在此处所提供的说明书中,说明了大量具体细节。然而,能够理解,本发明的实施例可以在没有这些具体细节的情况下实践。在一些实例中,并未详细示出公知的方法、结构和技术,以便不模糊对本说明书的理解。In the description provided herein, numerous specific details are set forth. However, it is understood that embodiments of the invention may be practiced without these specific details. In some instances, well-known methods, structures and techniques have not been shown in detail in order not to obscure the understanding of this description.
类似地,应当理解,为了精简本公开并帮助理解各个发明方面中的一个或多个,在上面对本发明的示例性实施例的描述中,本发明的各个特征有时被一起分组到单个实施例、图、或者对其的描述中。然而,并不应将该公开的方法解释成反映如下意图:即所要求保护的本发明要求比在每个权利要求中所明确记载的特征更多的特征。更确切地说,如下面的权利要求书所反映的那样,发明方面在于少于前面公开的单个实施例的所有特征。因此,遵循具体实施方式的权利要求书由此明确地并入该具体实施方式,其中每个权利要求本身都作为本发明的单独实施例。Similarly, it should be appreciated that in the foregoing description of exemplary embodiments of the invention, in order to streamline this disclosure and to facilitate an understanding of one or more of the various inventive aspects, various features of the invention are sometimes grouped together in a single embodiment, figure, or its description. This method of disclosure, however, is not to be interpreted as reflecting an intention that the claimed invention requires more features than are expressly recited in each claim. Rather, as the following claims reflect, inventive aspects lie in less than all features of a single foregoing disclosed embodiment. Thus, the claims following the Detailed Description are hereby expressly incorporated into this Detailed Description, with each claim standing on its own as a separate embodiment of this invention.
本领域那些技术人员可以理解,可以对实施例中的设备中的模块进行自适应性地改变并且把它们设置在与该实施例不同的一个或多个设备中。可以把实施例中的模块或单元或组件组合成一个模块或单元或组件,以及此外可以把它们分成多个子模块或子单元或子组件。除了这样的特征和/或过程或者单元中的至少一些是相互排斥之外,可以采用任何组合对本说明书(包括伴随的权利要求、摘要和附图)中公开的所有特征以及如此公开的任何方法或者设备的所有过程或单元进行组合。除非另外明确陈述,本说明书(包括伴随的权利要求、摘要和附图)中公开的每个特征可以由提供相同、等同或相似目的的替代特征来代替。

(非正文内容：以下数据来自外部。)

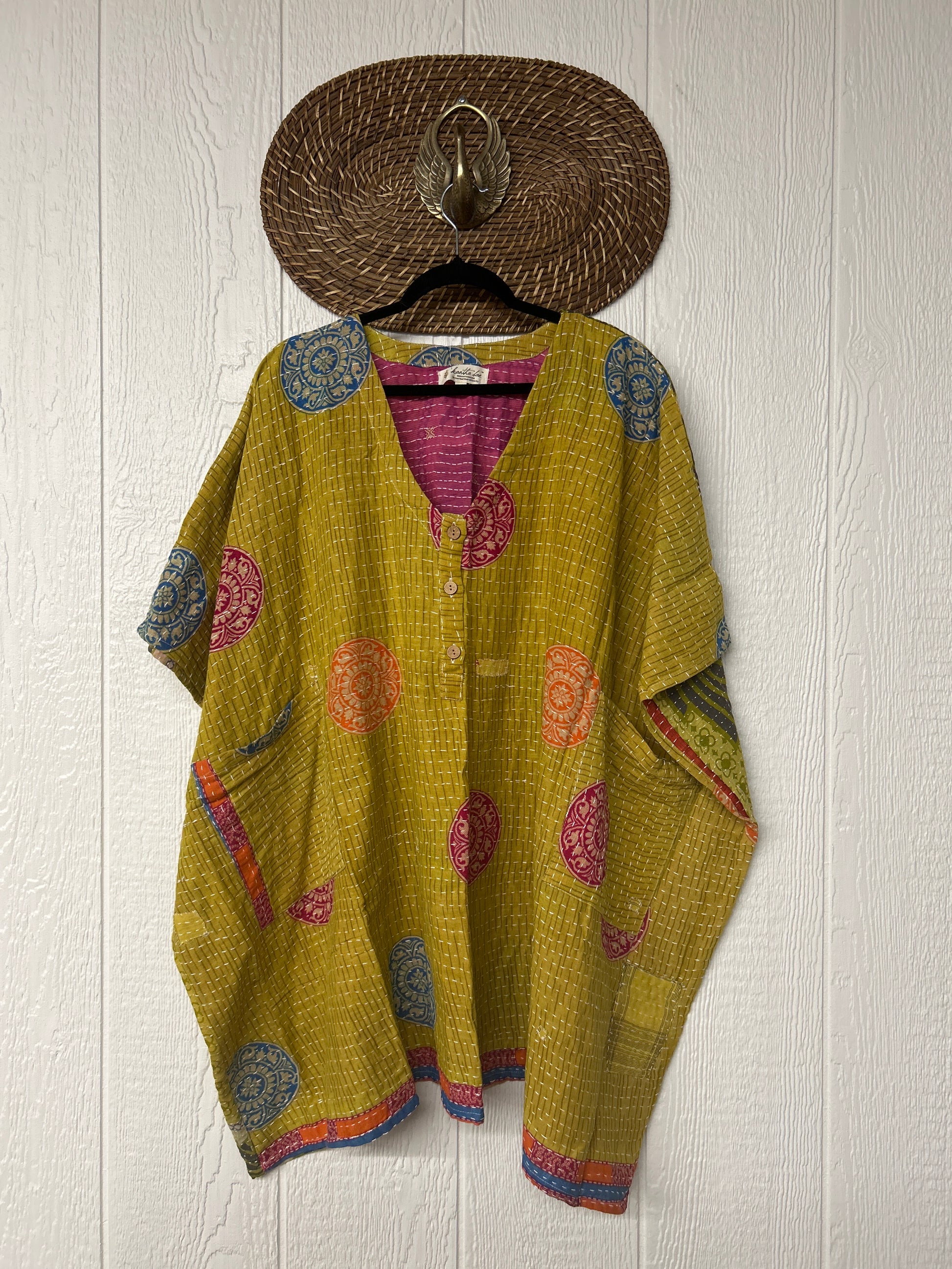 Crafted in our lux vintage kantha stitch cotton sari, this floaty muu is in a new mini length with buttons at the neckline and slouchy exterior pockets.

Those skilled in the art can understand that the modules in the device in the embodiment can be adaptively changed and arranged in one or more devices different from the embodiment. Modules or units or components in the embodiments may be combined into one module or unit or component, and furthermore may be divided into a plurality of sub-modules or sub-units or sub-assemblies. All features disclosed in this specification (including accompanying claims, abstract and drawings) and any method or method so disclosed may be used in any combination, except that at least some of such features and/or processes or units are mutually exclusive. All processes or units of equipment are combined. Each feature disclosed in this specification (including accompanying claims, abstract and drawings) may be replaced by alternative features serving the same, equivalent or similar purpose, unless expressly stated otherwise.
此外,本领域的技术人员能够理解,尽管在此所述的一些实施例包括其它实施例中所包括的某些特征而不是其它特征,但是不同实施例的特征的组合意味着处于本发明的范围之内并且形成不同的实施例。例如,在下面的权利要求书中,所要求保护的实施例的任意之一都可以以任意的组合方式来使用。Furthermore, those skilled in the art will understand that although some embodiments described herein include some features included in other embodiments but not others, combinations of features from different embodiments are meant to be within the scope of the invention. and form different embodiments. For example, in the following claims, any of the claimed embodiments may be used in any combination.
本发明的各个部件实施例可以以硬件实现,或者以在一个或者多个处理器上运行的软件模块实现,或者以它们的组合实现。本领域的技术人员应当理解,可以在实践中使用微处理器或者数字信号处理器(DSP)来实现根据本发明实施例的用于推荐补全搜索词及建立个体兴趣模型的设备中的一些或者全部部件的一些或者全部功能。本发明还可以实现为用于执行这里所描述的方法的一部分或者全部的设备或者装置程序(例如,计算机程序和计算机程序产品)。这样的实现本发明的程序可以存储在计算机可读介质上,或者可以具有一个或者多个信号的形式。这样的信号可以从因特网网站上下载得到,或者在载体信号上提供,或者以任何其他形式提供。The various component embodiments of the present invention may be implemented in hardware, or in software modules running on one or more processors, or in a combination thereof. Those skilled in the art should understand that a microprocessor or a digital signal processor (DSP) can be used in practice to implement some or all of the devices for recommending and completing search terms and establishing an individual interest model according to an embodiment of the present invention. Some or all of the functions of all components. The present invention can also be implemented as an apparatus or an apparatus program (for example, a computer program and a computer program product) for performing a part or all of the methods described herein. Such a program for realizing the present invention may be stored on a computer-readable medium, or may be in the form of one or more signals. Such a signal may be downloaded from an Internet site, or provided on a carrier signal, or provided in any other form.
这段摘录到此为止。